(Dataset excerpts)

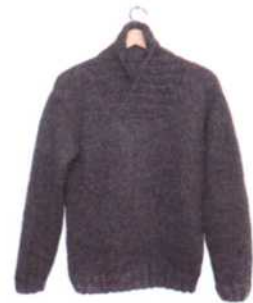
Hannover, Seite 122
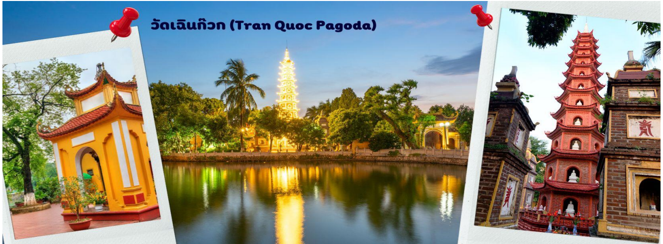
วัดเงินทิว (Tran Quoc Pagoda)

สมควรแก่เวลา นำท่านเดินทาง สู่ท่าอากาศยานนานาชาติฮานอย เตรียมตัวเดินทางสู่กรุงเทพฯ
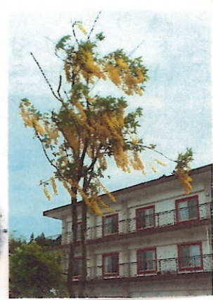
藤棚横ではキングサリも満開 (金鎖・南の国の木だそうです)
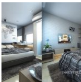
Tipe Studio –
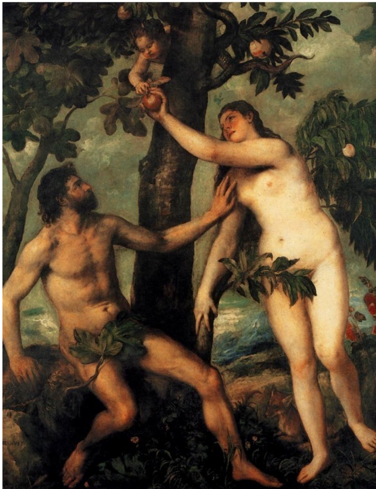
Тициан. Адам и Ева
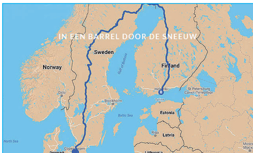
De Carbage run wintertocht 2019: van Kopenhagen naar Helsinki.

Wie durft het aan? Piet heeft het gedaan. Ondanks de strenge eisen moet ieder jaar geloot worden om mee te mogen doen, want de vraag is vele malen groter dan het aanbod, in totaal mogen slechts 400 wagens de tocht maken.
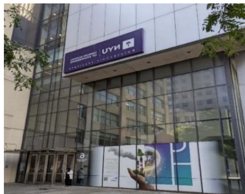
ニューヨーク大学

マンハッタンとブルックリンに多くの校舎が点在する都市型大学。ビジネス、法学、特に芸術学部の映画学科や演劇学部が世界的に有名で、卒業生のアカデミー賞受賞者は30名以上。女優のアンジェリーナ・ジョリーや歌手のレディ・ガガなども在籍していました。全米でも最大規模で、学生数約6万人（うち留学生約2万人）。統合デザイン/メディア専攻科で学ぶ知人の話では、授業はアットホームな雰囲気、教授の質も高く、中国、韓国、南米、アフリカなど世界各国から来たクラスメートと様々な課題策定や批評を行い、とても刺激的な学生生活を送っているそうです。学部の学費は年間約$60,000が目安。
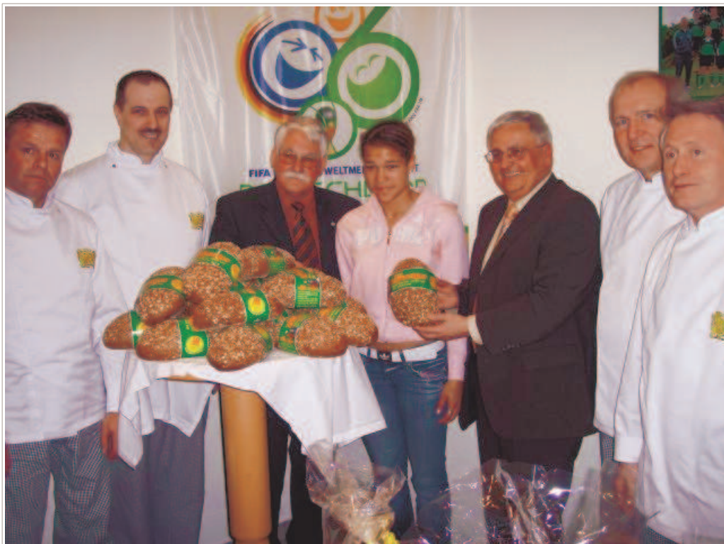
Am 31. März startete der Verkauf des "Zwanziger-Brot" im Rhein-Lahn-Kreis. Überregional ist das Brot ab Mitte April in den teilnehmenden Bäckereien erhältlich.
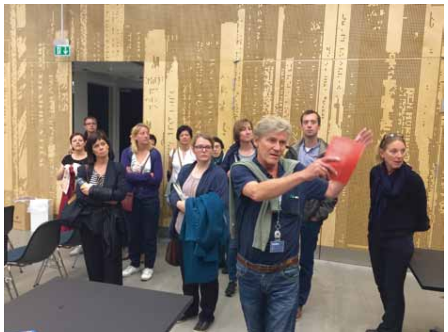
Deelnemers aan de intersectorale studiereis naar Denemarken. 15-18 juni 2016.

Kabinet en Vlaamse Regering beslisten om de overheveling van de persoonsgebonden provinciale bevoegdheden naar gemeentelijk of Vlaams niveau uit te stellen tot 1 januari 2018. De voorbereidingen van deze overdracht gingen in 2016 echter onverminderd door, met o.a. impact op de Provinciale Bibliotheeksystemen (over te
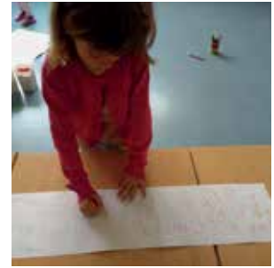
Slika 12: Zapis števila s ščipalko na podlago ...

◆ THE TASK:
Whenever "naar" occurs in a line above, copy that line.

◆ OUTPUT:
De Carbage run wintertocht 2019: van Kopenhagen naar Helsinki.
Deelnemers aan de intersectorale studiereis naar Denemarken. 15-18 juni 2016.
Kabinet en Vlaamse Regering beslisten om de overheveling van de persoonsgebonden provinciale bevoegdheden naar gemeentelijk of Vlaams niveau uit te stellen tot 1 januari 2018. De voorbereidingen van deze overdracht gingen in 2016 echter onverminderd door, met o.a. impact op de Provinciale Bibliotheeksystemen (over te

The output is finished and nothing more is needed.